There are at least two ways to approach this:
Simple way:
- Application makes a request to put a texture into the GPU. Multiple threads may be making such requests concurrently.
- GPU Buffer is allocated for texture.
- Buffer is passed to transfer queue feeding thread (needed because one thread per command queue limit).
- Application thread is blocked waiting for completion.
- Transfer queue feeding thread submits everything on its queue to GPU as one Submit.
- Transfer queue feeding thread fences and waits for completion callbacks.
- On completion, application thread is unblocked and gets a fully loaded handle to the asset in the GPU.
This depends on Submit being reasonably fast compared to, say, loading a 1MB texture.
Complicated way
- Application makes a request to put a texture into the GPU. Multiple threads may be making such requests concurrently.
- GPU Buffer is allocated for texture.
- Buffer is passed to transfer queue feeding thread (needed because one thread per command queue limit).
- Application thread gets control back immediately, with WGPU's version of a future referencing a buffer not yet loaded into the GPU.
- Application thread is free to use its "handle" in a render request.
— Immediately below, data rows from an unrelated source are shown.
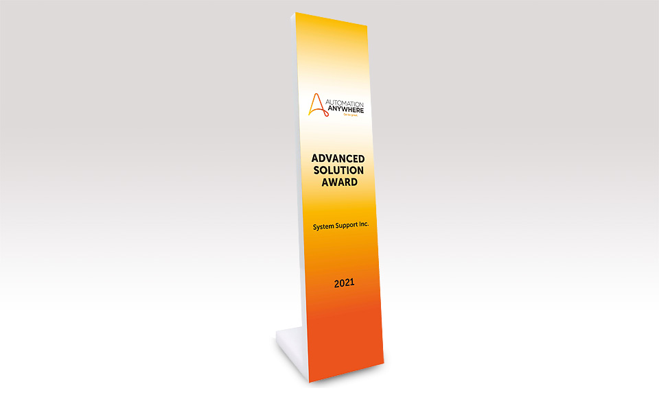 株式会社システムサポート(本社:石川県金沢市、代表取締役社長:小清水 良次、以下STS)は、RPA(ロボティック・プロセス・オートメーション)ソフトウェアプロバイダのオートメーション・エニウェア・ジャパン株式会社(本社:東京都千代田区、アジア太平洋・日本地区担当エグゼクティブ バイス プレジデント:エイドリアン ジョーンズ、以下「オートメーション・エニウェア」)の「Automation Anywhere Japan Partner Awards 2021」において、「Advanced Solution Award」を受賞しましたのでお知らせいたします。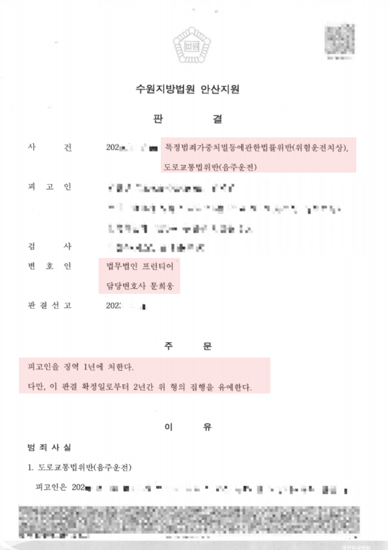 게다가 과거 음주운전 전력까지 있었기에 자칫하면 실형이 불가피한 상황이었습니다.
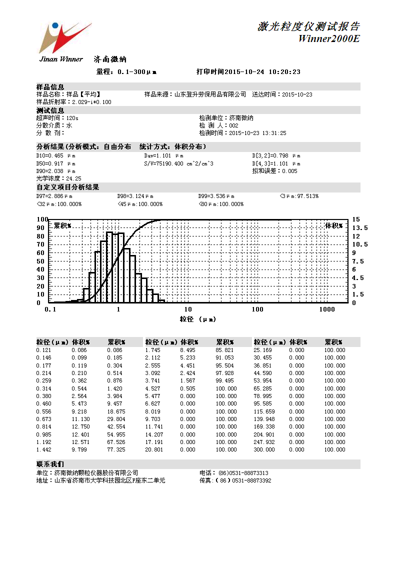 由于顆粒的粒度與形狀對其產品的性質與用途影響很大,不同的測量方法適用于不同的粒度范圍,由于采用了不同的原理,對于同一樣品的檢測結果在數(shù)據(jù)上會有偏差,目前工廠常用的分析方法已經普遍使用激光粒度儀進行檢測。以下是使用winner2000E檢測的鈦白粉粒度,測試報告如下: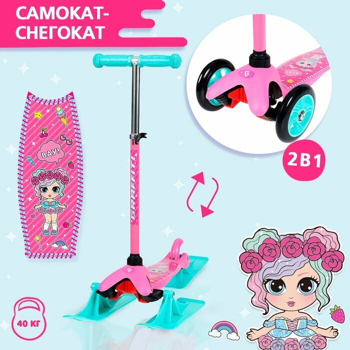 Самокат-снегокат 2 в 1 GRAFFITI «Девочка»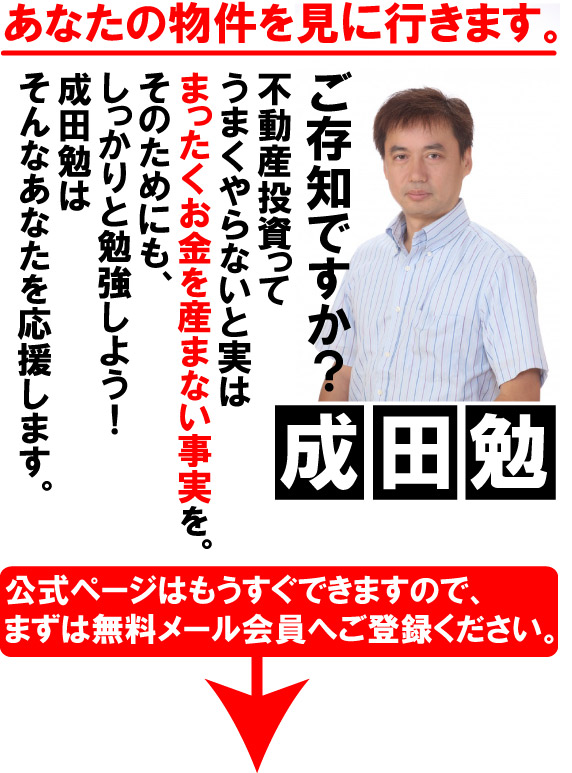 今や資産作りの定番となった感のある不動産投資ですが、しっかりと勉強しないとあなたの味方にはなってくれません。メール会員の皆様へは楽しく学べる不動産投資のノウハウをご提供いたします。 ※ただいま入会頂いた方へもれなく無料レポート「空室率50%超のエリアで満室を実現したオーナーの入居者募集方法」をプレゼント中です。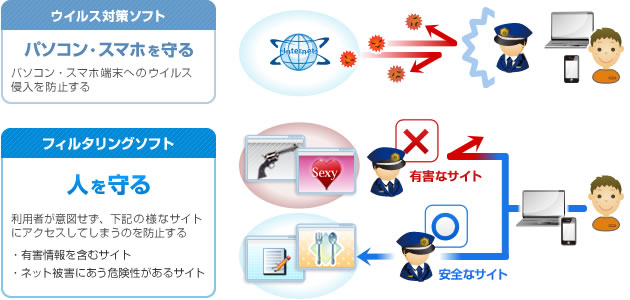 有害サイトや有害情報へのアクセスを防いで大切な子どもたちを守る「フィルタリングソフト」です。ウイルス対策ソフトがウイルス侵入の危険から「パソコン・スマホなどを守る」ものに対し、フィルタリングソフトとは、利用者が意図しないネットの危険にさらされるのを防ぐ、いわば「人を守る」ソフトです。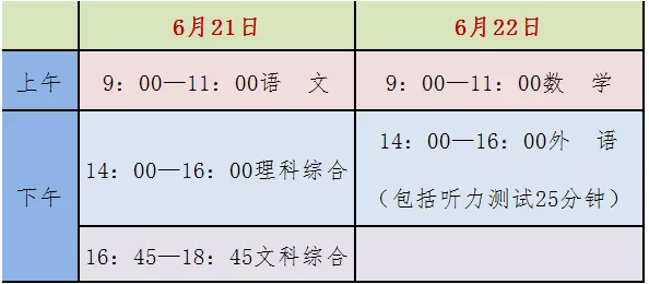 考试科目为6科,包括语文、数学、外语、理科综合(包括物理、化学两门学科)、文科综合(包括思想品德、历史两门学科)、体育,总分630分。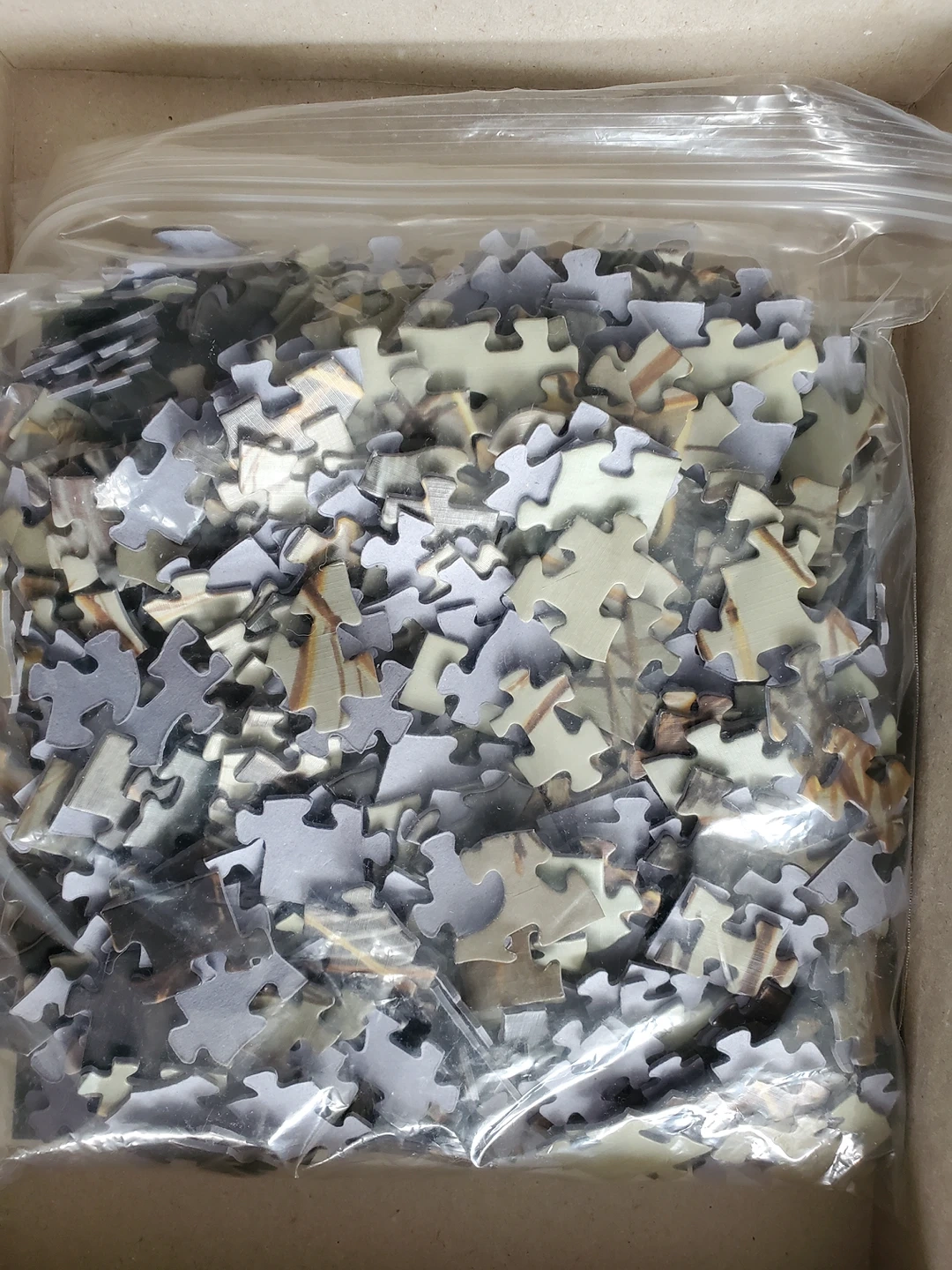 comes with puzzle poster. 500 Large pieces... unique and matte pieces with no glare make this puzzle fun to do!!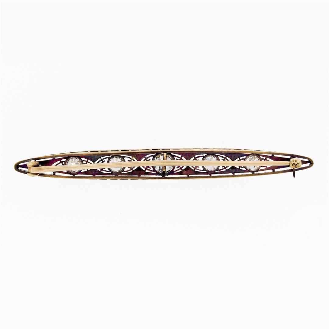 An antique erdwardian solid 14k yellow and whiye gold bar pin brooch, with 5 old european cut natural diamonds (G/H- VS1/VS2; 1.64ctw). Measures 70.6x7.5mm and weighs a total of 6.05 grams.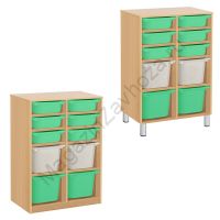 Из ЛДСП Бук или Цветного на цоколе р-ры: 650х450х1100мм На метел.ножках р-ры: 650х450х1140мм Вес:40кг Объём:0,13м/куб Контейнер ПВХ:300х420х100мм - 6шт. Контейнер ПВХ:300х420х230мм - 4шт. Крепёж к стене обязателен. Направляющий полозок алюминий.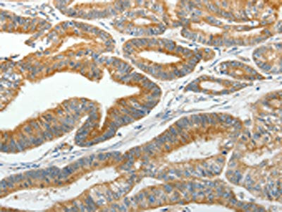 The image on the left is immunohistochemistry of paraffin-embedded Human colon cancer tissue using CSB-PA572733(SLC12A4 Antibody) at dilution 1/30, on the right is treated with fusion protein. (Original magnification: ×200)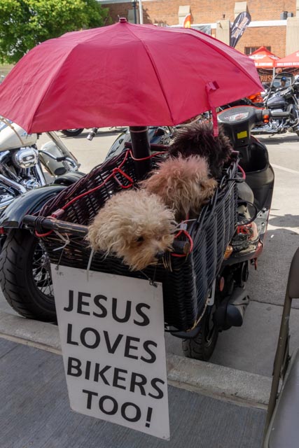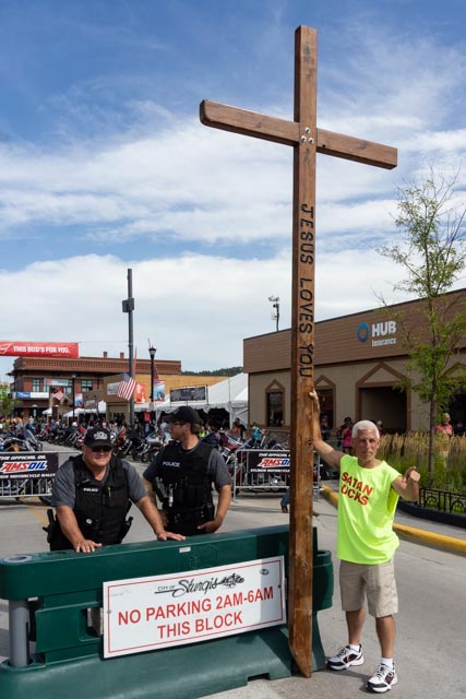 This is the Sturgis police chaplin. He alternates between a uniform and this shirt. Today we caught him with his 90 pound cross, which he carries up and down the street. He told me that he has been doing this for more than twenty years!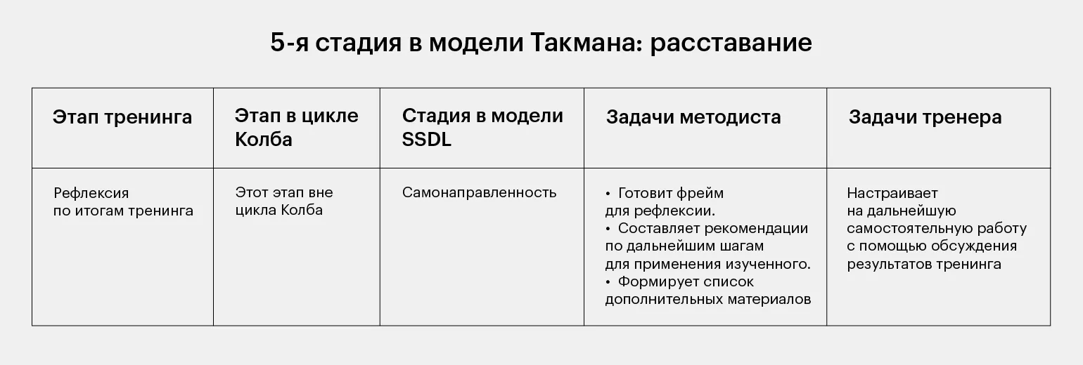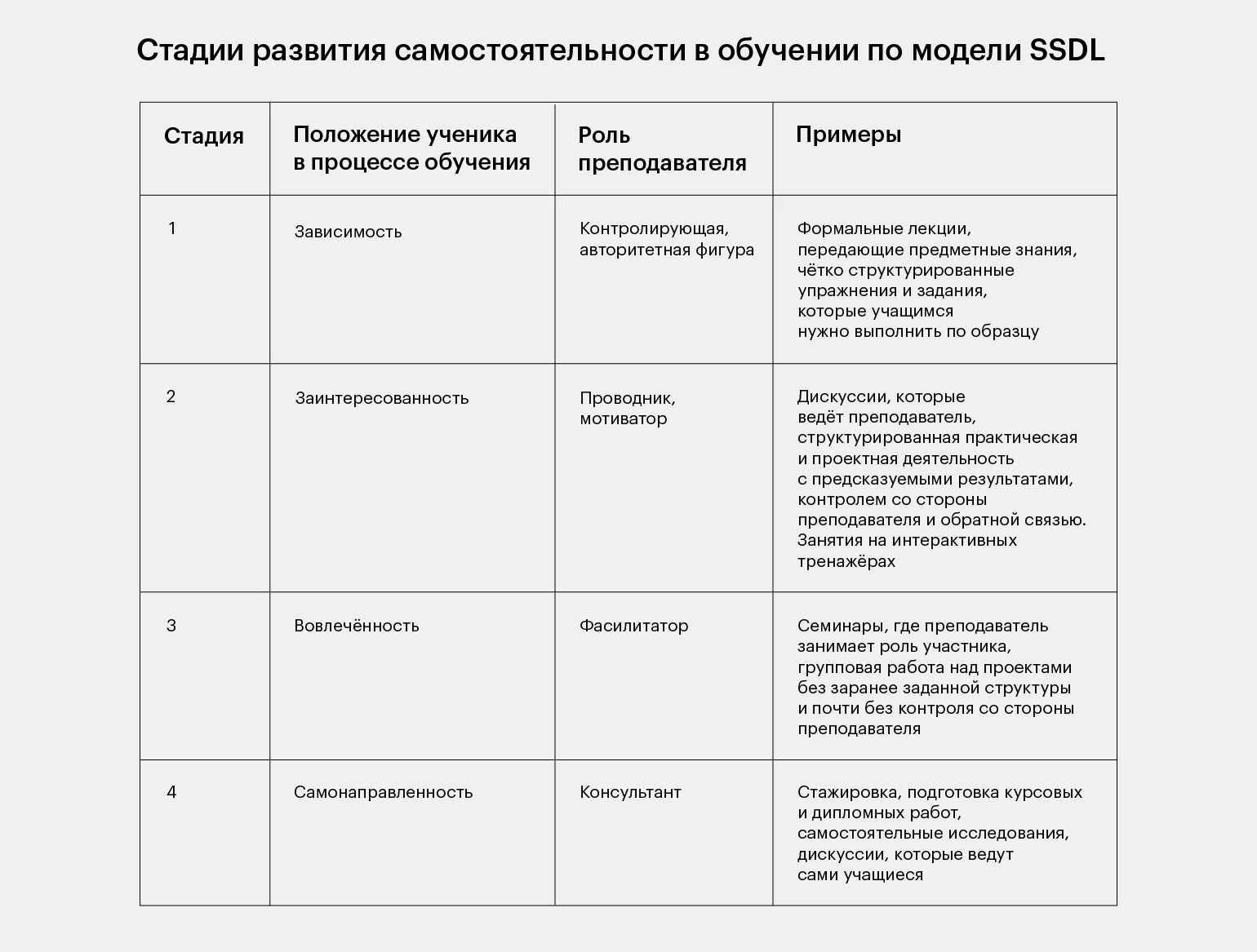 Заметим, что уровень самонаправленности по модели SSDL включает в себя и четвёртую, и пятую стадии по модели Такмана. Самонаправленный учащийся не только сам ставит цели и идёт к их достижению, но также оценивает результат, подводит итоги, — как и команда на стадии расставания.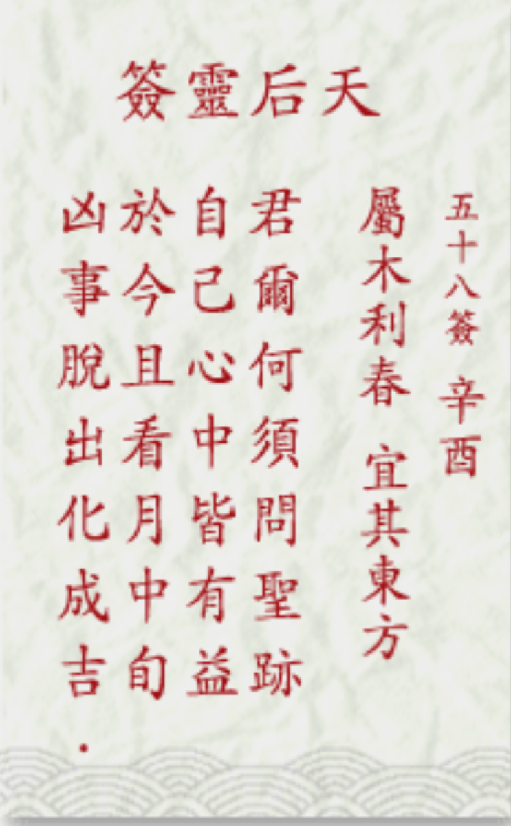 妈祖灵签第五十九签: 壬戌 签题:癸巳 签文有心作福莫迟疑 求名清吉正当时 ...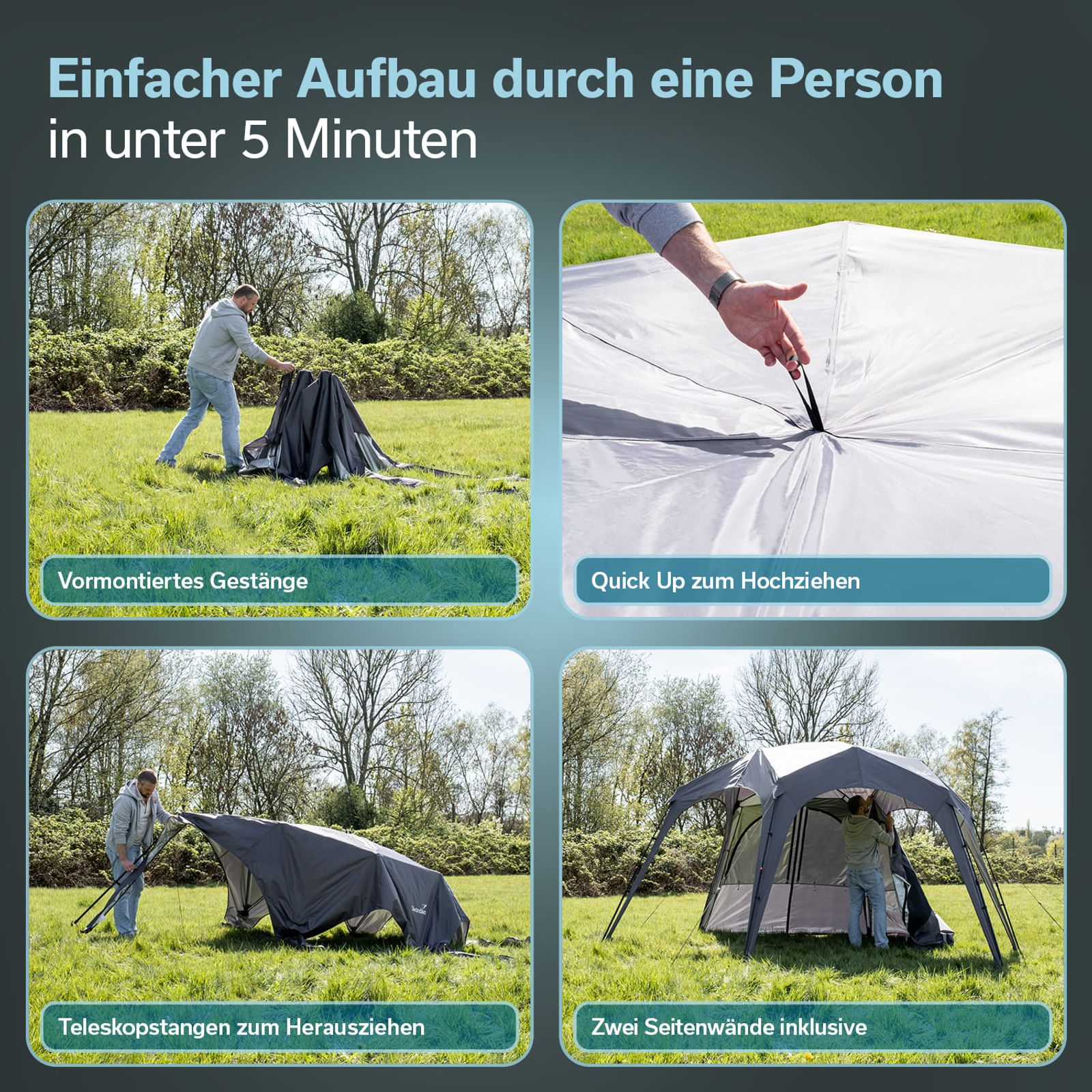 - Besonders schneller Aufbau dank vormontiertem Gestänge

WGPU interlocking (?) prevents use of the asset before it is loaded.
- Transfer queue feeding thread submits everything on its queue to GPU as one Submit.
- Transfer queue feeding thread fences and waits for completion callbacks.
- Completion callbacks are (somehow) fed to WGPU interlocking system.
This potentially has higher performance, especially for single-thread programs where the asset loading requests come from the same thread that does renders. Unclear if the added complexity is worth it.
I'd be fine with the simple approach, unless Submit is really slow.